Random matrices in service of ML footprint: ternary random features with no performance loss
This work addresses efficiency bottlenecks in machine learning for practitioners using kernel methods, offering a novel compression technique that is incremental but provides concrete benefits in computation and storage.
The paper tackles the problem of reducing computational and storage costs in random features kernel methods by showing that the eigenspectrum of kernel matrices is independent of the distribution of random projection vectors under certain conditions, and proposes Ternary Random Features (TRF) that use values in {-1,0,1} to achieve no performance loss asymptotically while offering substantial efficiency gains, with experiments showing improved performance over state-of-the-art methods.
In this article, we investigate the spectral behavior of random features kernel matrices of the type ${\bf K} = \mathbb{E}_{\bf w} \left[σ\left({\bf w}^{\sf T}{\bf x}_i\right)σ\left({\bf w}^{\sf T}{\bf x}_j\right)\right]_{i,j=1}^n$, with nonlinear function $σ(\cdot)$, data ${\bf x}_1, \ldots, {\bf x}_n \in \mathbb{R}^p$, and random projection vector ${\bf w} \in \mathbb{R}^p$ having i.i.d. entries.

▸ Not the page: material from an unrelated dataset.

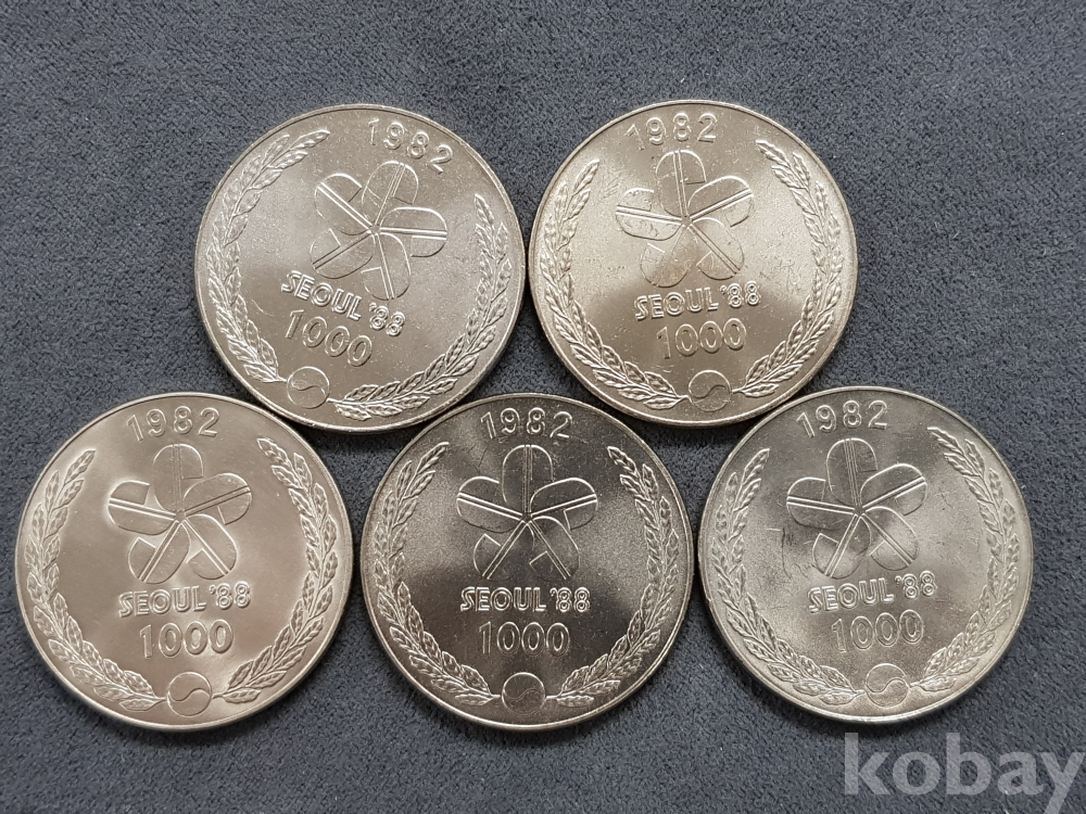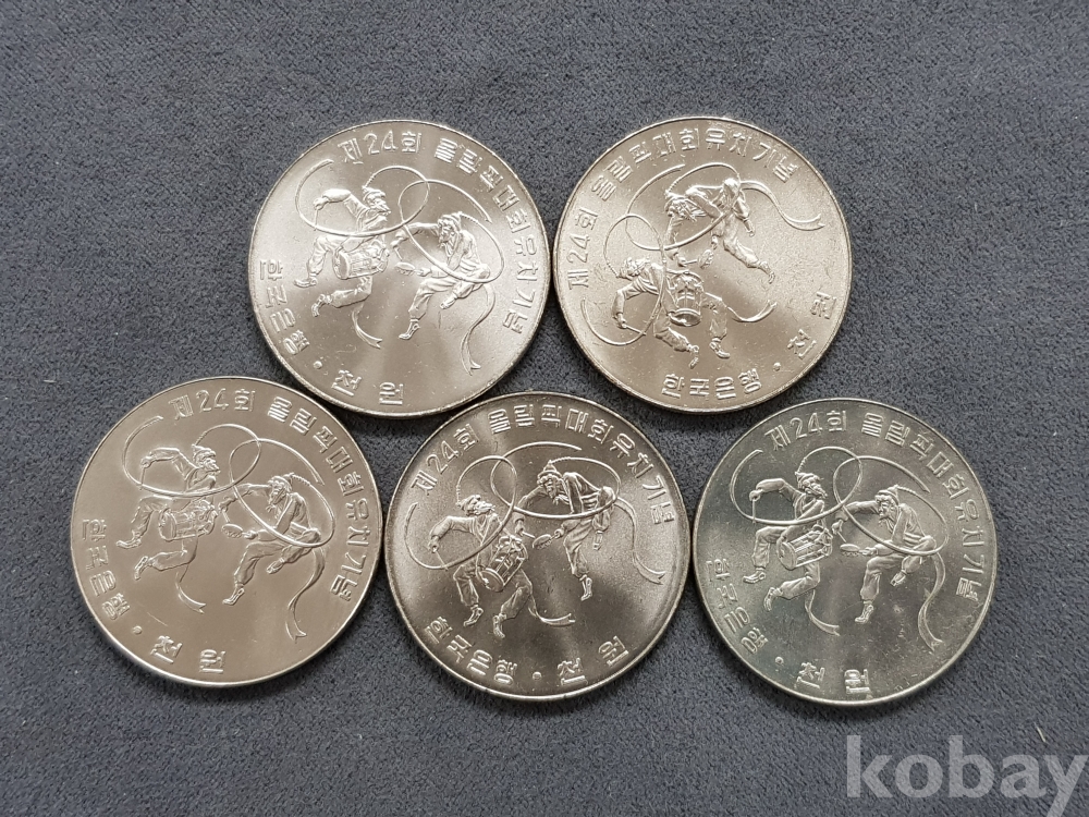- 제 24회 올림픽대회 유치 1차 민속춤 천원 기념주화 - 5개 일괄
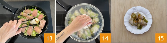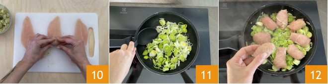 Luego enróllalas para formar los rollitos 10. Calienta el aceite en una cazuela, añade el puerro y déjalo pochar a fuego lento durante unos minutos 11. Luego sube el fuego, coloca los rollitos con el cierre hacia abajo 12.

In a high-dimensional setting where the number of data $n$ and their dimension $p$ are both large and comparable, we show, under a Gaussian mixture model for the data, that the eigenspectrum of ${\bf K}$ is independent of the distribution of the i.i.d.(zero-mean and unit-variance) entries of ${\bf w}$, and only depends on $σ(\cdot)$ via its (generalized) Gaussian moments $\mathbb{E}_{z\sim \mathcal N(0,1)}[σ'(z)]$ and $\mathbb{E}_{z\sim \mathcal N(0,1)}[σ''(z)]$. As a result, for any kernel matrix ${\bf K}$ of the form above, we propose a novel random features technique, called Ternary Random Feature (TRF), that (i) asymptotically yields the same limiting kernel as the original ${\bf K}$ in a spectral sense and (ii) can be computed and stored much more efficiently, by wisely tuning (in a data-dependent manner) the function $σ$ and the random vector ${\bf w}$, both taking values in $\{-1,0,1\}$. The computation of the proposed random features requires no multiplication, and a factor of $b$ times less bits for storage compared to classical random features such as random Fourier features, with $b$ the number of bits to store full precision values. Besides, it appears in our experiments on real data that the substantial gains in computation and storage are accompanied with somewhat improved performances compared to state-of-the-art random features compression/quantization methods.